How Cardholders Can Fix a Decline Code 78
- Call the activation number on the sticker attached to the new card. Banks include a dedicated activation line on every new card. It typically takes less than two minutes and the card is enabled immediately after.
- Activate through the bank's mobile app or website. Most banks allow activation through their app under account settings. For cardholders who prefer not to call, this is usually just as fast.
- Confirm you're using the right card. If a replacement was recently issued, make sure the card being presented is the new one, not the old card it replaced. The old card will be deactivated regardless of its expiration date.
- Try the transaction again immediately after activation. Unlike some declines that require waiting periods, a code 78 resolves the moment activation is completed. The card should work on the very next attempt.
Frequently Asked Questions About Decline Code 78
Does decline code 78 mean my card is defective? No. A code 78 means the card hasn't been activated, not that there's anything physically or technically wrong with it. Once you complete the activation process through your bank's app, website, or the number on the card, it will work normally. If you've already activated the card and are still getting a 78, call your bank directly because the activation may not have registered correctly on their end.

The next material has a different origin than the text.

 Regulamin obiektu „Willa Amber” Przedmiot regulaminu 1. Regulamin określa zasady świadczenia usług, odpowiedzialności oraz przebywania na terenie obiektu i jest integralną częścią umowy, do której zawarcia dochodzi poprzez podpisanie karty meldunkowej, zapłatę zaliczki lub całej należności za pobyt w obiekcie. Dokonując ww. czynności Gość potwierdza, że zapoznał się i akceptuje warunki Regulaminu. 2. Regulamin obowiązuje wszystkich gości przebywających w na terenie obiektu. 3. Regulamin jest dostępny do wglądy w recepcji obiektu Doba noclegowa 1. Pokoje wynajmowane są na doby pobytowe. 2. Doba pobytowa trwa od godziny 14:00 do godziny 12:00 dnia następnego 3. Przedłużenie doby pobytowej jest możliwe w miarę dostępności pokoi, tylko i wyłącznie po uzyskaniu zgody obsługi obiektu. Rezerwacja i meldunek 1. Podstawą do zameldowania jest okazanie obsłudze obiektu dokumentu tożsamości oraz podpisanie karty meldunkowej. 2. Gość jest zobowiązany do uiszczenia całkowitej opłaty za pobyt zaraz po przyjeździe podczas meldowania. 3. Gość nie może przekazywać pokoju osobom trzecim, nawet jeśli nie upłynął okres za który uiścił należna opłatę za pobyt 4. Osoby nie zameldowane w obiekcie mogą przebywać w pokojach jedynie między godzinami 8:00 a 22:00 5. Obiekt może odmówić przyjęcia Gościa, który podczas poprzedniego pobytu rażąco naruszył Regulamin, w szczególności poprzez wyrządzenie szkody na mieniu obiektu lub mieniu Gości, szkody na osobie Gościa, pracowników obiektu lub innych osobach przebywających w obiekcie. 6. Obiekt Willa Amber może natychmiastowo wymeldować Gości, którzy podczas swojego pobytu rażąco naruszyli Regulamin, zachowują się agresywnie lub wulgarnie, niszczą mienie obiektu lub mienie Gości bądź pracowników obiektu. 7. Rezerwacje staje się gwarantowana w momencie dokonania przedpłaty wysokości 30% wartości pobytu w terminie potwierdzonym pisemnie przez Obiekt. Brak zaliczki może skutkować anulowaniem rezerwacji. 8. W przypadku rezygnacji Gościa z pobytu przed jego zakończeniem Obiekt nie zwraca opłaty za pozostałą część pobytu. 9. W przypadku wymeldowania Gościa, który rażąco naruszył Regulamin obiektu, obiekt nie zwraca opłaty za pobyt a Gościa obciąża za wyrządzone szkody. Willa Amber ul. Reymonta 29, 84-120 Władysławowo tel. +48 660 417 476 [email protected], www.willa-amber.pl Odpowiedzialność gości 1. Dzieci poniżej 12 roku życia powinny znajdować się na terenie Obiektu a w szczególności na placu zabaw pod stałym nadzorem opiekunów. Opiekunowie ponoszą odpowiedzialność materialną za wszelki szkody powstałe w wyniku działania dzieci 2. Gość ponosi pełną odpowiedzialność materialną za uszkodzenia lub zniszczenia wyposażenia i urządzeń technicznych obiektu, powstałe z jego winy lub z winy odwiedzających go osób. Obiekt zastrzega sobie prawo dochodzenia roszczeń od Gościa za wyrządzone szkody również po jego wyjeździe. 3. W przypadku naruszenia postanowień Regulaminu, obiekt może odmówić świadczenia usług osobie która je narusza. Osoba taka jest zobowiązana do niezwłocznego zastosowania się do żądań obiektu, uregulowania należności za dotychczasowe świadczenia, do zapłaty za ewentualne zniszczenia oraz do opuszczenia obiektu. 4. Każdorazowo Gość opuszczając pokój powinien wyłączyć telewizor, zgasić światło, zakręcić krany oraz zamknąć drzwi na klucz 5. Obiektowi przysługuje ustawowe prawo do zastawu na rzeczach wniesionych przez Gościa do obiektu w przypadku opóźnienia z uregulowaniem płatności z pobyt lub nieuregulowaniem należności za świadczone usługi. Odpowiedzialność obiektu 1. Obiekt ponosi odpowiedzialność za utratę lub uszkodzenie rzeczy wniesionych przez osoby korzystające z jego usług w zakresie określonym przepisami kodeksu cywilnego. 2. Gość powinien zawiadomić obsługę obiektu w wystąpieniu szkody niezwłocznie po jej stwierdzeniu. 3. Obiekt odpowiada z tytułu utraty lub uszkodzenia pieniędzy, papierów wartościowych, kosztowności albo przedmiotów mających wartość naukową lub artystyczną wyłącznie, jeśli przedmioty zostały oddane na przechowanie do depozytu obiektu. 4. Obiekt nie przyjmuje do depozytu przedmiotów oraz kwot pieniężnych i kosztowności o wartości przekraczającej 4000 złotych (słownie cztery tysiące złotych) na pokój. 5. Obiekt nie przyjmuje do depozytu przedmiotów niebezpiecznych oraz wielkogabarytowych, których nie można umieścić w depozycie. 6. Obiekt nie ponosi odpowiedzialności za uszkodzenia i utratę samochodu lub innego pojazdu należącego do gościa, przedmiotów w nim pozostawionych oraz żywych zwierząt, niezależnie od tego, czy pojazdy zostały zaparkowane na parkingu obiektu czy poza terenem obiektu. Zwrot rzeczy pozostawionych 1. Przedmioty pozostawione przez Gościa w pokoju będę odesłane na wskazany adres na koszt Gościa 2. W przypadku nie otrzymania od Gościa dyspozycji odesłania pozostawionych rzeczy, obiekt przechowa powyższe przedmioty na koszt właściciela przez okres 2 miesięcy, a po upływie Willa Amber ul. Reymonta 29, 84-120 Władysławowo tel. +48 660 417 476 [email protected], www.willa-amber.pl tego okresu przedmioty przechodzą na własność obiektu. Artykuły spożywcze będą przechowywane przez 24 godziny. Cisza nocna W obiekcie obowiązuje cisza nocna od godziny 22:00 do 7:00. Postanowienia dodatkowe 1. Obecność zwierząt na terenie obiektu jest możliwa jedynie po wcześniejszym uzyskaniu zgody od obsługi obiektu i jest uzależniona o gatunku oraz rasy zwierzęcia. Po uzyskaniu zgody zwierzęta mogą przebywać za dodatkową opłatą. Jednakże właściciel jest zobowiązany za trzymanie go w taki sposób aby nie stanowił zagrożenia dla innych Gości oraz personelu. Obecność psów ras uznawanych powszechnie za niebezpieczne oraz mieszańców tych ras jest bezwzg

Can a merchant do anything to fix a code 78 decline? No. The block is set at the issuing bank level and there's no merchant-side workaround. The only fix is the cardholder completing activation directly with their bank. A merchant can helpfully point the customer to the activation number on the card, but that's the extent of it.

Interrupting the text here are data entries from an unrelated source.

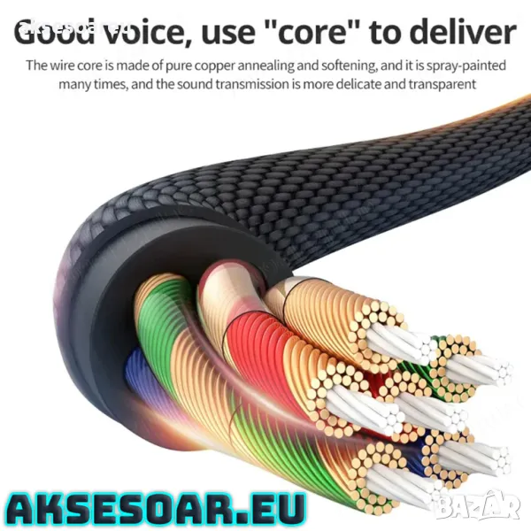 3,5 mm плетен адаптерен кабел за слушалки и усилватели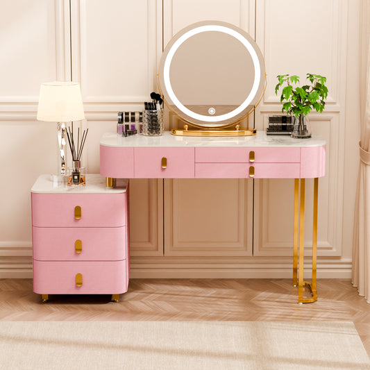 Modern Style Vanity Table with Movable Side Cabinet and 4-Drawers,Large Size Dressing Table with Mirror and 3-colors LED Light,Makeup Table with Stool,White,Golden Legs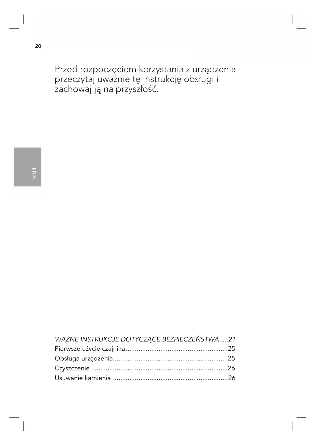 - Przed rozpoczęciem korzystania z czajnika, uważnie przeczytaj instrukcję obsługi.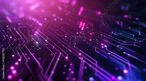 © Alina Tymofieieva, Fototapeta premium Abstract background. Close-up of a chip with techno lines in neon purple color. Technology concept.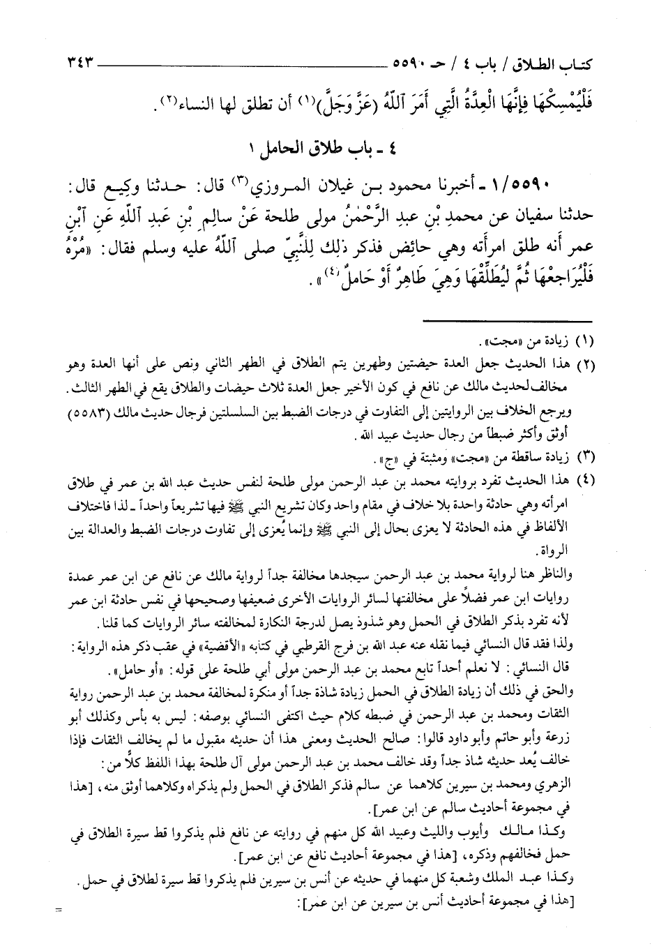 5590 - أخبرنا محمود بن غيلان المروزي قال حدثنا وكيع قال حدثنا سفيان عن محمد بن عبد الرحمن مولى طلحة عن سالم بن عبد الله عن بن عمر : أنه طلق امرأته وهي حائض فذكر ذلك للنبي صلى الله عليه و سلم فقال مره فليراجعها ثم ليطلقها وهي طاهر أو حامل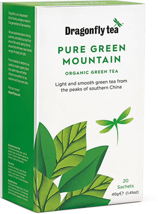 Dragonfly Organic Pure Mountain Green Tea features 20 biodegradable teabags from Southern China, offering a fresh, natural flavour ideal for premium tea service.

How long does activation take after completing the process? In most cases it's immediate. Phone and app activation typically enables the card in real time. If there's any delay it's usually a matter of minutes rather than hours. If a card still returns a 78 after activation has been completed, the cardholder should call their bank to confirm the activation went through correctly on their end.

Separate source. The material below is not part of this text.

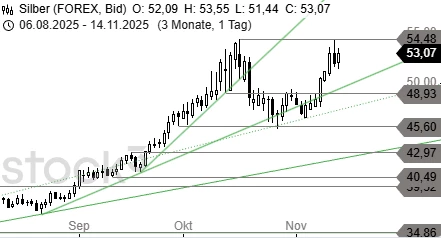 Mit dem Anstieg auf 4.244 USD besteht jetzt die Chance, dass der Aufwärtsschub seit Anfang November Teil eines neuen Aufwärtstrends ist. Dieser könnte oberhalb von 4.256 USD direkt an das Rekordhoch bei 4.381 USD führen. Ein Sprung über die Marke dürfte schwer werden, kann allerdings später für eine Rally bis 4.460 USD und 4.540 USD sorgen. Abgaben unter das aktuelle Wochentief bei 4.137 USD würden dagegen für den Start einer Zwischenkorrektur sprechen, die bei 4.095 USD von den Käufern aufgefangen werden kann. Ein Einbruch unter 4.046 USD würde die Erholung dagegen stoppen.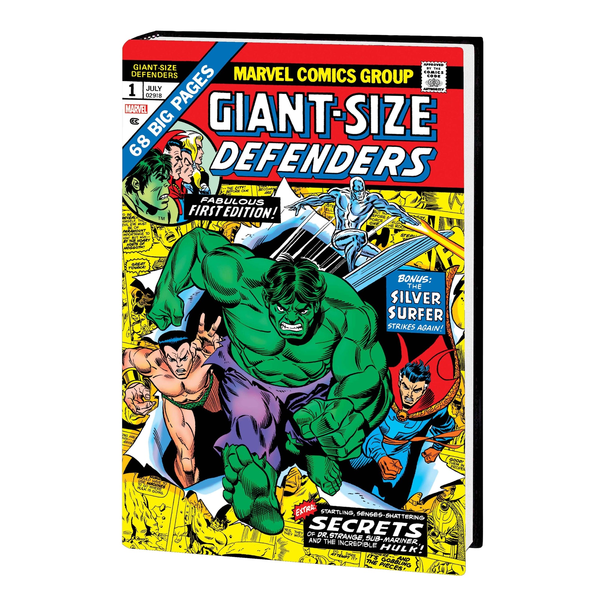 Doctor Strange, the Hulk, the Sub-Mariner, the Silver Surfer and Valkyrie! They are the dynamic Defenders, comics' greatest "non-team," and they do not rely on bylaws and butlers. They join together in moments of utmost crisis - to face incomprehensible enemies like Dormammu, the Nameless One and the Enchantress! But when the Defenders encounter heroes of a more conventional stripe, it's war - the watershed hero vs. hero Avengers/Defenders War, no less! This massive omnibus also sees Hawkeye, the Black Knight, Daredevil, Luke Cage, Nighthawk and Daimon Hellstrom join the Defenders in classic adventures. It's a must-have edition collecting Roy Thomas, Steve Englehart and Len Wein's complete DEFENDERS runs in one beautifully restored volume! Collecting SUB-MARINER (1968) #34-35, MARVEL FEATURE (1971) #1-3, DEFENDERS (1972) #1-19, GIANT-SIZE DEFENDERS #1-2, and AVENGERS (1963) #115 (B STORY) and #116-118.

Is code 78 the same as code 41 or 43? No, and the distinction matters for how merchants respond. Codes 41 and 43 mean the card has been reported lost or stolen and is permanently blocked. A code 78 is simply an unactivated card with no fraud implication. The cardholder isn't a suspect, the card isn't compromised, and the fix is a routine activation call rather than anything more serious.
Related Decline Codes
Code 78 is specifically about an unactivated card. These related codes cover other reasons a valid card might not go through:
- Code 05 — Do Not Honor. The bank's catch-all decline with no specific reason given.
- Code 14 — Invalid Card Number. The card number doesn't match any account in the network, a different issue from an unactivated card.
- Code 41 — Lost Card. Hard decline. Card was reported lost. A very different situation from a simple activation issue.
- Code 43 — Stolen Card. Hard decline. Card was reported stolen. Do not retry, and follow your processor's protocol.
- Code 51 — Insufficient Funds. A balance issue on an active card. No activation issue involved.
- Code 54 — Expired Card. The card's expiration date has passed. Related in that the customer may be presenting the wrong card.
- Code 57 — Transaction Not Permitted to Cardholder. A permissions restriction on an active card.
- Code 62 — Restricted Card. Card-level restrictions blocking a specific transaction type.